▶ Problem details
Transcribe exactly the lines from the one holding "本影片所學字母為Qq, Rr,透過動畫學習字母筆畫,並在外型相似的字母裡辨認出Qq, Rr。" through the closing line of the entries below. Pictures stay out of the copy.

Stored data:
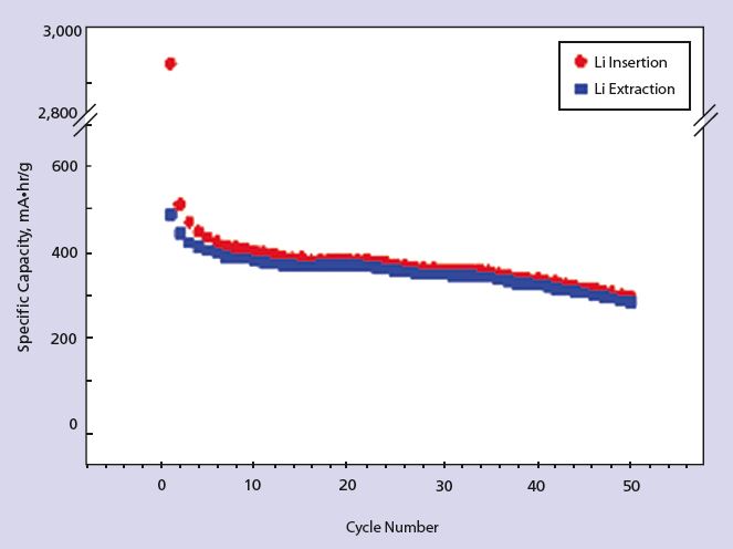 Coating the silicon nanowires with carbon has been proposed as a way of reducing the loss of capacity with cycling. Beneficial effects of coating with carbon include stabilization of the surfaces of the silicon nanowires by blocking oxygen, increasing electrical conductivity, and providing a cushion material to relieve the stress of volume expansion. An investigation of the effects of coating with carbon was in progress at the time of reporting the information for this article.
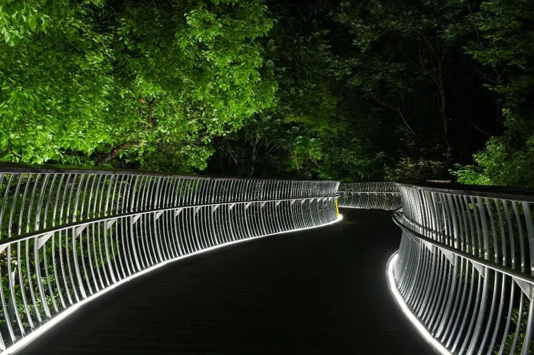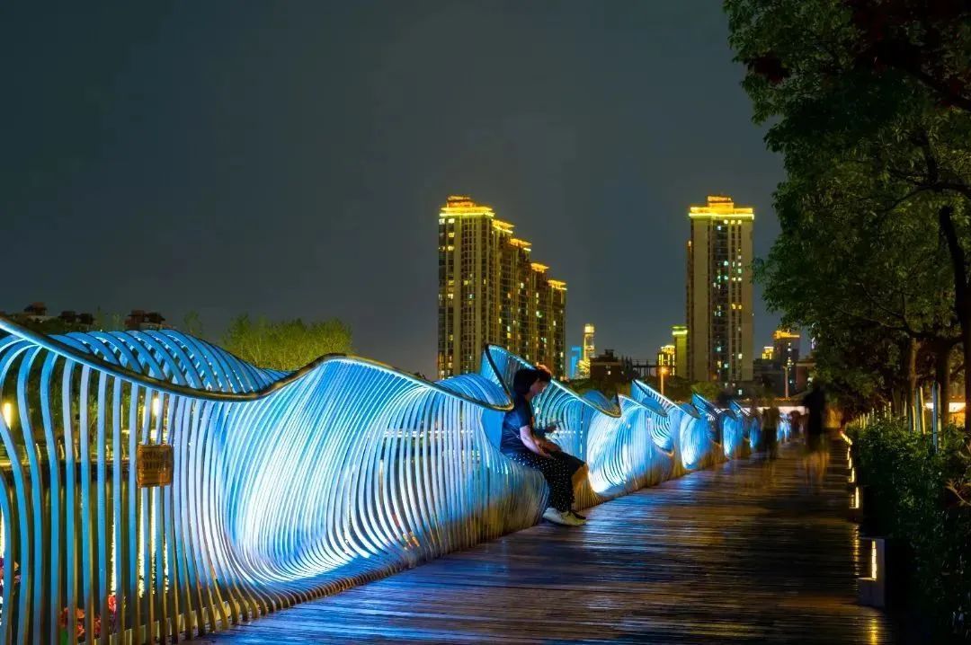 位于天原河滨公园的苏州河景观步廊,300余米的空中步廊两侧均安装了夜间照明灯光,保障行人行走安全的同时,增加艺术灯光效果。
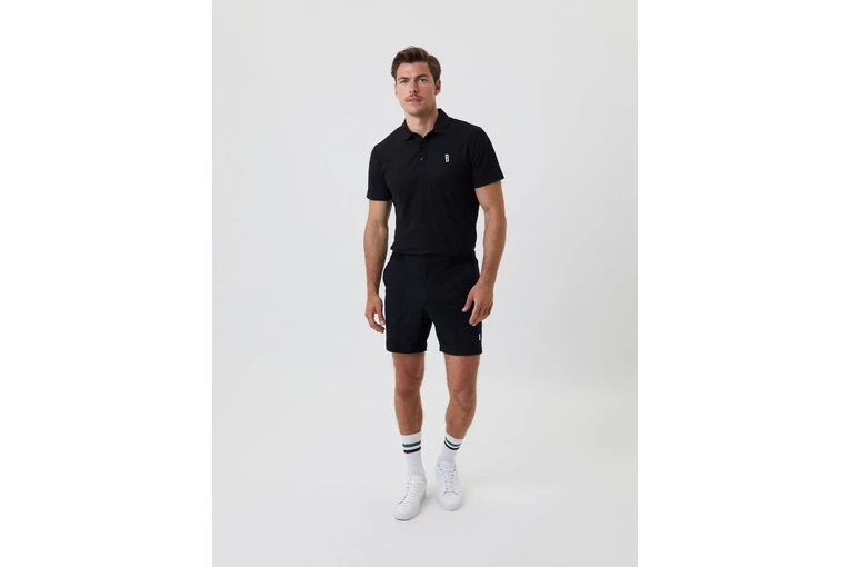 De Ace 7? Shorts is een korte, retro-ge?nspireerde tennisshort gemaakt van geweven 4-weg stretchmateriaal op basis van gerecyclede polyamide. Dit regular-fit model is 18 cm lang en aan de voorkant gestyled met siernaden. De tailleband is elastisch voor extra ondersteuning en sluit met een drukknoop en een rits. De zijzakken zijn ruim genoeg voor een tennisbal tijdens de match. Het model is 188 cm lang en draagt maat M.
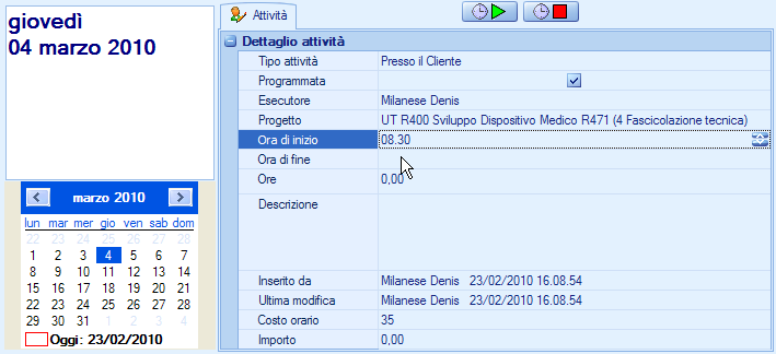 La scheda contiene, nella parte centrale, una griglia orizzontale di inserimento delle registrazioni dove sono attive le funzionalità del menu contestuale e, nella parte inferiore, il calendario e la griglia verticale di dettaglio dove vengono inserite le Ore, l'eventuale Descrizione, gli orari di inizio e fine, ecc. |
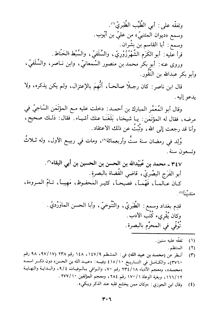 347- مُحَمَّد بْن عُبَيْد اللَّه بْن الحَسَن بْن الحُسين بْن أَبِي البقاء [3] .
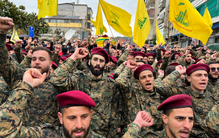 Các chiến binh và những người ủng hộ Hezbollah tham dự lễ tang của Ali al-Debs, một trong những chỉ huy của nhóm thiệt mạng bởi cuộc không kích của Israel hai ngày trước đó, tại thành phố Nabatieh phía nam Liban vào ngày 16/2/2024. Ảnh: AFP
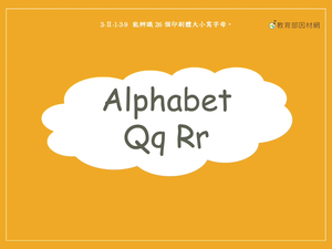 本影片所學字母為Qq, Rr,透過動畫學習字母筆畫,並在外型相似的字母裡辨認出Qq, Rr。
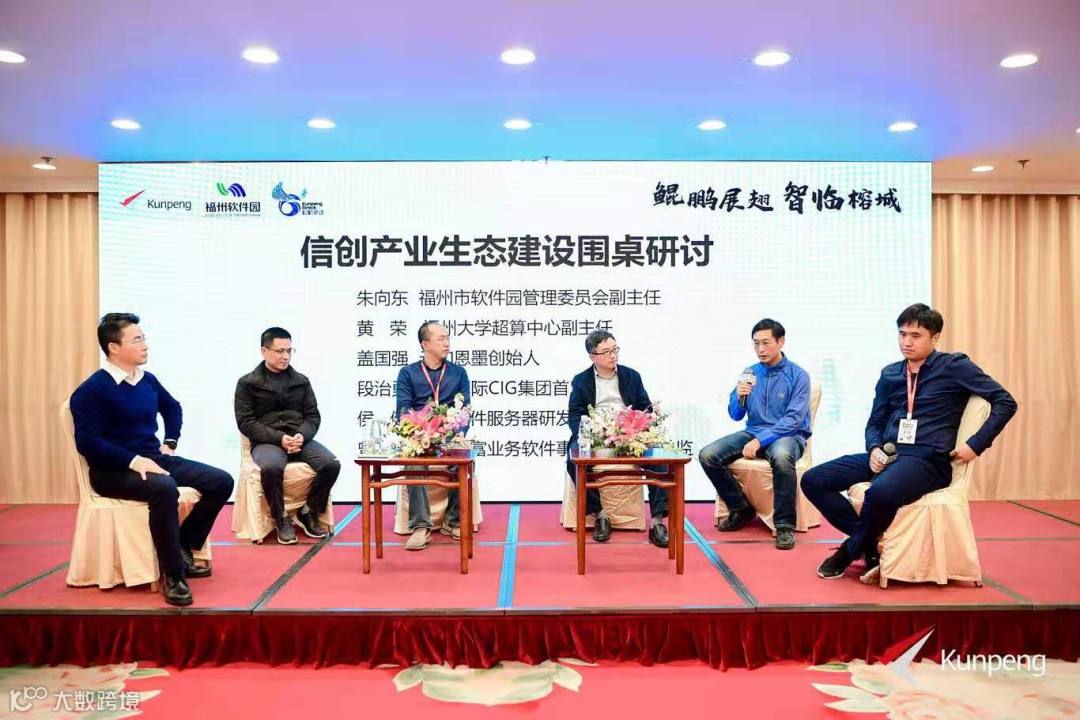 在最后的信创产业生态建设圆桌论坛上,福州市软件园管理委员会副主任朱向东 ,福州大学超算中心副主任黄荣、云和恩墨创始人/ACDU主席盖国强、中软国际CIG集团首席架构师段治勇、麒麟软件服务器研发部技术总监侯建和中电福富业务软件事业部高级副总监曾嗥共同探讨信创产业的新机遇与挑战。

▶ Solution for this exercise
 本影片所學字母為Qq, Rr,透過動畫學習字母筆畫,並在外型相似的字母裡辨認出Qq, Rr。
 在最后的信创产业生态建设圆桌论坛上,福州市软件园管理委员会副主任朱向东 ,福州大学超算中心副主任黄荣、云和恩墨创始人/ACDU主席盖国强、中软国际CIG集团首席架构师段治勇、麒麟软件服务器研发部技术总监侯建和中电福富业务软件事业部高级副总监曾嗥共同探讨信创产业的新机遇与挑战。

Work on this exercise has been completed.